▶ **What is expected**
Take the records below and set down exactly the lines from the one with "MILLENNE Millennia 2000" to the one with "10. Remove coolant", ends included; do not copy the pictures.

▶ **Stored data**
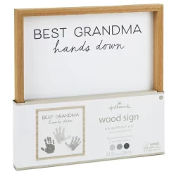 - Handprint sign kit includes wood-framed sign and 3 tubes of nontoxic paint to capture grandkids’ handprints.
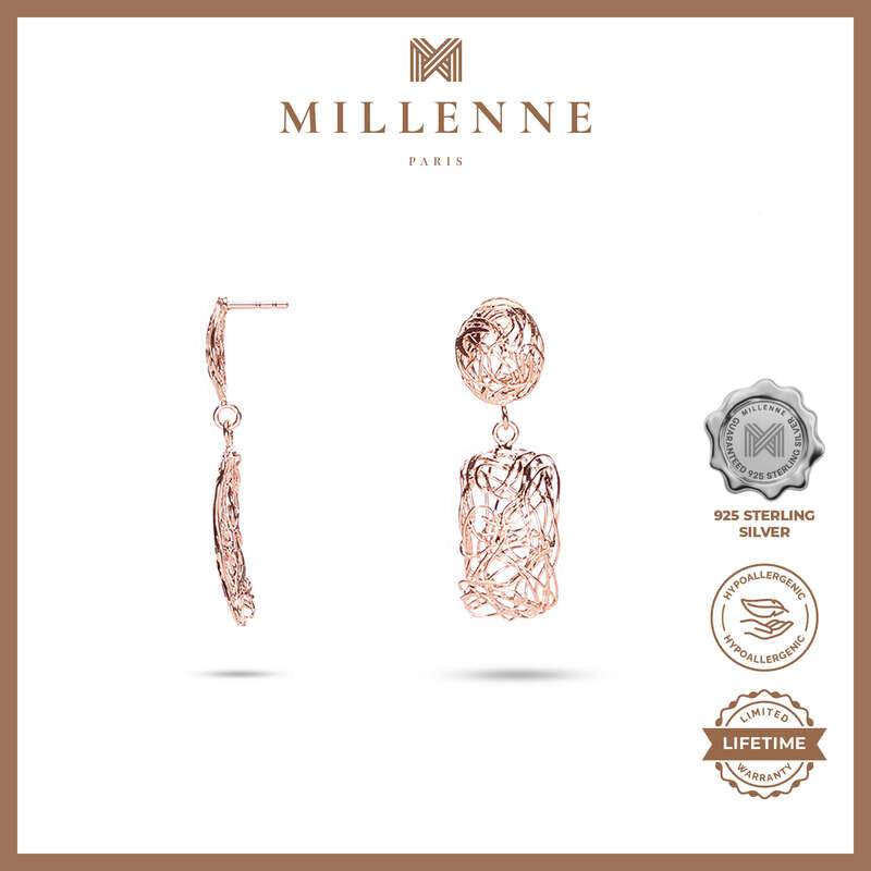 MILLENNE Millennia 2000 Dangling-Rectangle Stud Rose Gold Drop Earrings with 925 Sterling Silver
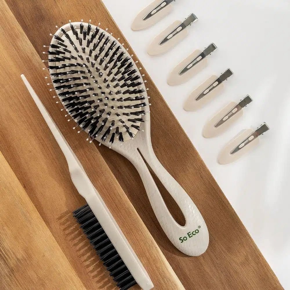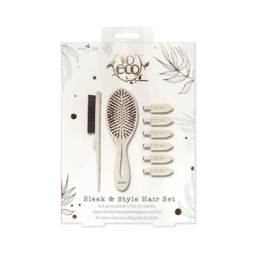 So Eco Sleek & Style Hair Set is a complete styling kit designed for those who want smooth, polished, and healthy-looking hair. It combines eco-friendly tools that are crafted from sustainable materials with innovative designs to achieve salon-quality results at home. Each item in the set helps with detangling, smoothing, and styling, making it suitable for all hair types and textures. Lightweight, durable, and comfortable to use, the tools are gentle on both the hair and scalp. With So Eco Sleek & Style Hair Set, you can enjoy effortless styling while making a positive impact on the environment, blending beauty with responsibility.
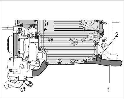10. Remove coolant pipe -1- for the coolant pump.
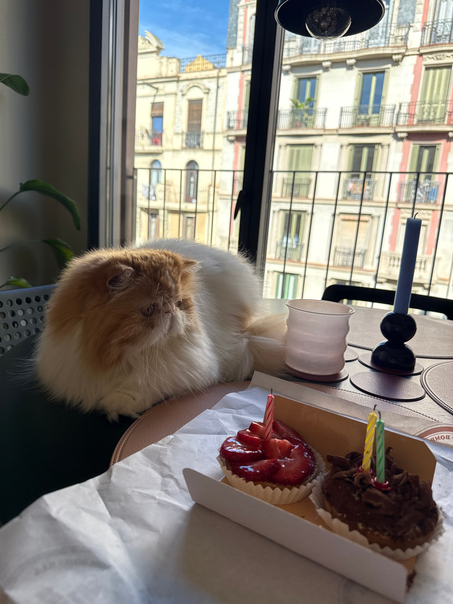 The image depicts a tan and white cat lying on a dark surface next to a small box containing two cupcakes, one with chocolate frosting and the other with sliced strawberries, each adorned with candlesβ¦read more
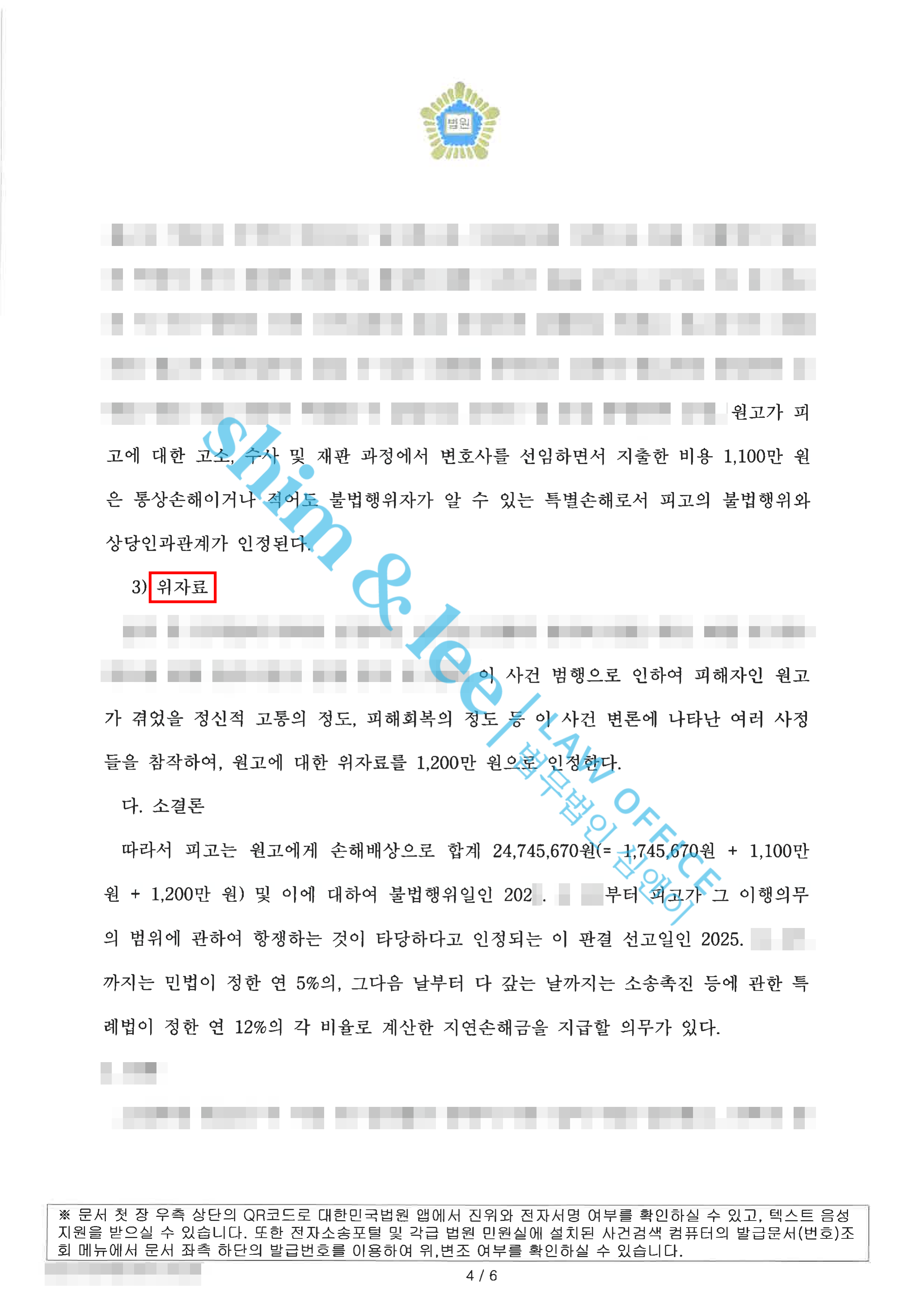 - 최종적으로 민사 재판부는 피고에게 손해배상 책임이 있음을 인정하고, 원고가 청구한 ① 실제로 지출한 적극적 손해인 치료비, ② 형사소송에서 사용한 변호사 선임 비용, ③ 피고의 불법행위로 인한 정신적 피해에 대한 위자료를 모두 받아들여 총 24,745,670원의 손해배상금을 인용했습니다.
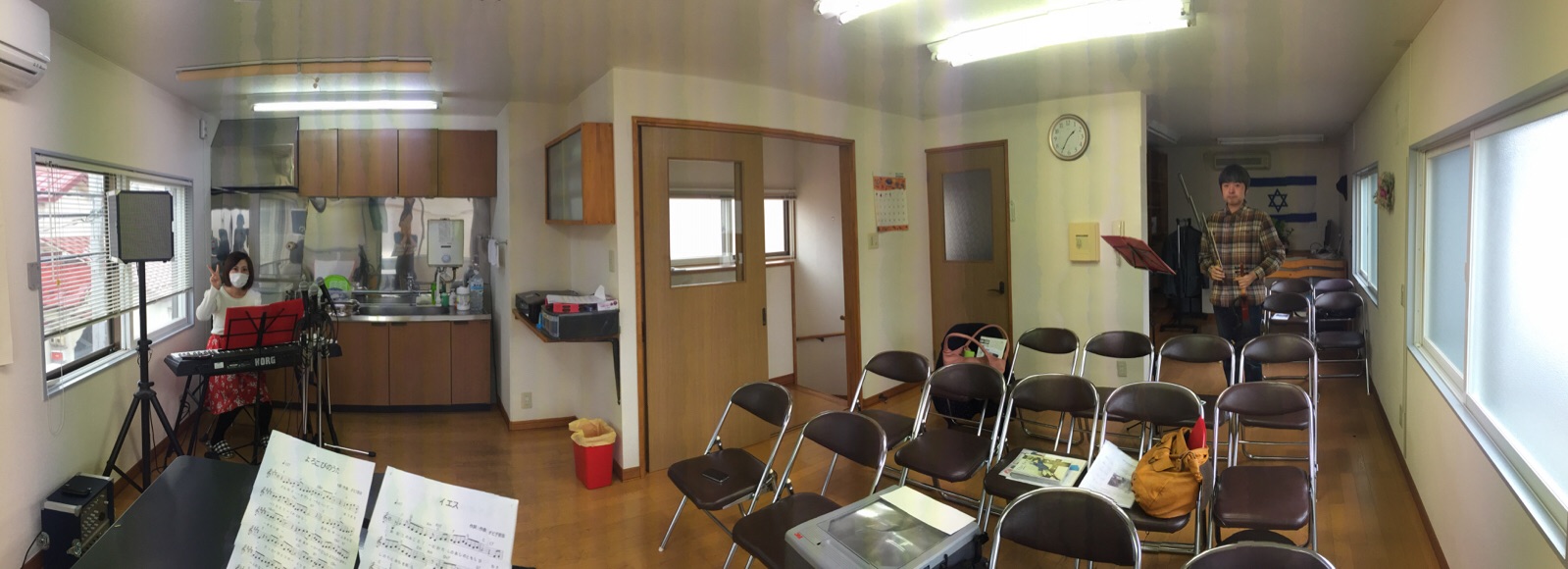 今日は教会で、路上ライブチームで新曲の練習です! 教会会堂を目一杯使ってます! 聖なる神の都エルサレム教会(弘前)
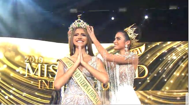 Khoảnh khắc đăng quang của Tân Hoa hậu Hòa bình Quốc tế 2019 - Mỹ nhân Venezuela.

▶ **Solution to the exercise**
 MILLENNE Millennia 2000 Dangling-Rectangle Stud Rose Gold Drop Earrings with 925 Sterling Silver
 So Eco Sleek & Style Hair Set is a complete styling kit designed for those who want smooth, polished, and healthy-looking hair. It combines eco-friendly tools that are crafted from sustainable materials with innovative designs to achieve salon-quality results at home. Each item in the set helps with detangling, smoothing, and styling, making it suitable for all hair types and textures. Lightweight, durable, and comfortable to use, the tools are gentle on both the hair and scalp. With So Eco Sleek & Style Hair Set, you can enjoy effortless styling while making a positive impact on the environment, blending beauty with responsibility.
10. Remove coolant pipe -1- for the coolant pump.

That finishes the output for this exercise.